Characters: Leo Aiolia & Eagle Marin.
"Te ne vai?"
La voce del giovane risuonò fra le antiche colonne della quinta casa, scossa da un lieve tremito di sorpresa e irritazione per quello che gli suonava come il capriccio di una bambina cui il gioco non va più bene.
Eppure Marin, giovane donna dal volto di bronzo, bambina più non era. Forse un po' capricciosa, ma non certo creatura tanto instabile, né tanto meno così volubile da lasciarsi condizionare dall'emotività del momento.
Marin era un sacro guerriero d'argento.
"Si."
Rispose sicura, mentre si dirigeva verso l'uscita del tempio.
Ad ogni suo passo un tintinnio la accompagnava. All'esile polso, Marin teneva avvolta una lunga catenina dalle maglie sottili, che sosteneva il peso leggero di un ciondolo a forma di piccola campana.
Non era la prima volta che Aiolia la vedeva, quell'odiosa catenina, o che ne udiva il suono sempre uguale.
Quella catenina, quel ciondolo. Quel suono. Aiolia detestava ciò che quell'oggetto rappresentava.
Era solita portarla sempre nascosta nel pettorale della corazza da allenamento, la giovane Marin, santo d'argento.
Vergine come la dea Atena.
Devota ad ella come il più fedele dei suoi santi d'oro.
Ed era solita mostrarla all'amico e compagno, Aiolia.

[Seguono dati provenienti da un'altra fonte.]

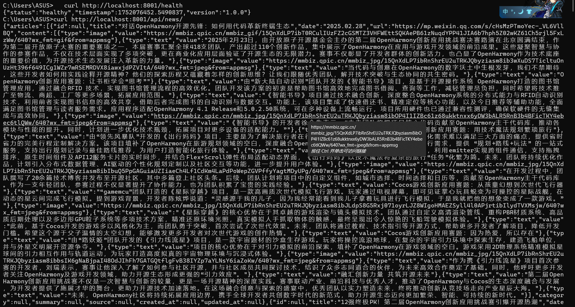 1 2 3 4 5 6 7 8 9 10 11 12 13 14 15 16 17 18 19 20 21 22 23 24 25 26 27 28 29 30 31 32 33 34 35 36 37 38 39 40 41 42 43 44 45 46 47 48 49 50 51 52 53 54 55 56 57 58 59 60 61 62 63 64 65 66 67 68 69 70 71 72 73 74 75 76 77 78 79 80 81 82 83 84 85 86 87 88 89 90 91 92 93 94 95 96 97 98 99 100 101 102 103 104 105 106 107 108 109 110 111 112 113 114 115 116 117 118 119 120 121 122 123 124 125 126 127 128 129 130 131 132 133 134 135 136 137 138 139 140 141 142 143 144 145 146 147 148 149 150 151 152 153 154 155 156 157 158 159 160 161 162 163 164 165 166 167 168 169 170 171 172 173 174 175 176 177 178 179 180 181 182 183 184 185 186 187 188 189 190 191 192 193 194 195 196 197 198 199 200 201 202 203 204 205 206 207 208 209 210 211 212 213 214 215 216 217 218 219 220 221 222 223 224 225 226 227 228 229 230 231 232 233 234 235 OpenHarmony官网新闻爬虫启动... 注意:此脚本需要安装以下依赖: pip install requests beautifulsoup4 -------------------------------------------------- 请求API: https: 正在爬取第 1 篇文章: 对话OpenHarmony开源先锋:如何用代码革新终端生态 | https: 成功解析文章,共 21 个内容块 正在爬取第 2 篇文章: 12 强终极PK!第二届OpenHarmony创新应用挑战赛引爆开源热潮 | https: 文章内容解析失败 正在爬取第 3 篇文章: 第二届OpenHarmony创新应用挑战赛决赛路演队伍揭晓 | https: 文章内容解析失败 正在爬取第 4 篇文章: OpenHarmony社区2024 年度运营报告发布,致谢每一位生态共建者! | https: 文章内容解析失败 正在爬取第 5 篇文章: 开源鸿蒙社区恭祝全体开发者2025 新年快乐,新春大吉! | https: 文章内容解析失败 正在爬取第 6 篇文章: 共绘2025 年开源新蓝图,OpenHarmony社区项目管理委员会年度工作会议在深圳成功举办 | https: 成功解析文章,共 27 个内容块 ================================================== 爬取结果JSON: ================================================== [ { "title" : "对话OpenHarmony开源先锋:如何用代码革新终端生态" , "date" : "2025.02.28" , "url" : "https://mp.weixin.qq.com/s/cHsMzPTmoYec-_VL6VllBQ" , "content" : [ { "type" : "text" , "value" : "2025年2月23日,由开放原子开源基金会主办的第二届OpenHarmony创新应用挑战赛决赛路演在北京圆满结束,作为第二届开放原子大赛的重要赛项之一,本届赛事汇聚全球418支团队,产出超过110个创新作品,集中展示了OpenHarmony在应用与游戏开发领域的前沿成果。这些凝聚智慧与协作的参赛作品,不仅在技术层面实现了多项突破,更在商业化应用层面验证了开源生态的无限潜力。赛事不仅彰显了开发者群体的创新活力,也凸显了OpenHarmony作为技术底座的重要价值,为开源技术生态发展注入革新的力量。" } , { "type" : "text" , "value" : "当代码与创意在OpenHarmony的数字沃土中生根发芽,我们不禁期待,这些开发者如何用实践诠释开源精神?他们的探索历程又蕴藏着怎样的创新思维?让我们跟随优秀团队,解开技术突破与生态协同的共生密码。" } , { "type" : "text" , "value" : "OpenHarmony创新应用赛题:让书柜学会“思考”" } , { "type" : "text" , "value" : "由“新大陆自动识别”团队开发的《智能书导》项目,是基于开源操作系统 OpenHarmony打造的图书馆管理应用,通过融合RFID 技术,实现图书馆管理流程的高效优化。团队开发该方案的初衷是帮助图书馆高效地完成图书借阅、查询等工作,减轻管理员负担,同时希望将技术推广至物流、商超、工厂等更多场景,拓展应用范围。" } , { "type" : "text" , "value" : "《智能书导》项目通过技术融合创新,深度整合OpenHarmony系统的分布式能力与RFID自动识别技术,利用前者实现图书信息的高效共享,借助后者完成图书的自动识别与数据交互。功能上,该项目集成了快速借还书、精准定位等核心功能,以及今日推荐等辅助功能,全面满足图书馆管理与读者服务需求。应用程序适配OpenHarmony 4.1 Release和5.0.2.50系统,可在多种设备上流畅运行,项目所用硬件也已通过兼容性测评,确保软硬件的无缝集成与高效协同。" } , { "type" : "text" , "value" : "《智能书导》的开发者徐金生表示:“未来团队将把项目核心代码贡献至OpenHarmony主干代码库,推动各模块与性能的提升。同时,计划进一步优化技术瓶颈,拓展项目对更多设备的适配能力。”" } , { "type" : "text" , "value" : "OpenHarmony创新应用赛题:用技术魔法规划繁琐旅行" } , { "type" : "text" , "value" : "由“领先风暴队”开发的《出行妈妈》项目,主要是为了解决旅行者在行程规划繁琐、信息整合困难以及个性化需求难以满足三大方面的痛点,提供省时省力的完美行程定制解决方案。该项目填补了OpenHarmony在旅游规划领域的空白,深度融合OpenHarmony 5.0.0 Release特性与旅游出行需求,提供 “规划+路线+玩法” 的一站式服务,支持出行规划记录与最佳路线推荐,为用户打造智能化旅行体验。" } , { "type" : "text" , "value" : "通过bindSheet绑定半模态组件,利用emitter实现跨组件通信,支持拖拽排序、原生时间组件及API12服务卡片的实时同步,并结合Flex+Scroll弹性布局适配动态界面,《出行妈妈》以技术魔法将复杂的旅行“任务”化繁为简。未来,团队将持续优化作品,计划引入分布式数据管理、AI驱动的个性化规划定制以及社区交互等功能,进一步提升用户体验。" } , { "type" : "text" , "value" : "在开发过程中,团队撰写了20余篇技术博客并发布至开源社区,其中多篇登上社区头条。后续,团队计划将项目中的自定义组件,如城市选择、时间选择和日历等,贡献至OpenHarmony主干代码库。作为

Irrequieto Leone dall'animo scheggiato.
Ogni volta che i ricordi del fratello scomparso, annebbiati dal tempo e dalla separazione, quasi offuscati dalla lontananza, si facevano largo nella sua mente e nel suo cuore, la giovane tirava fuori quel ciondolo, lo faceva dondolare fra le dita lunghe e affusolate, e quel suono appena percepibile, quel tintinnio ridestava d'un colpo ogni passata memoria.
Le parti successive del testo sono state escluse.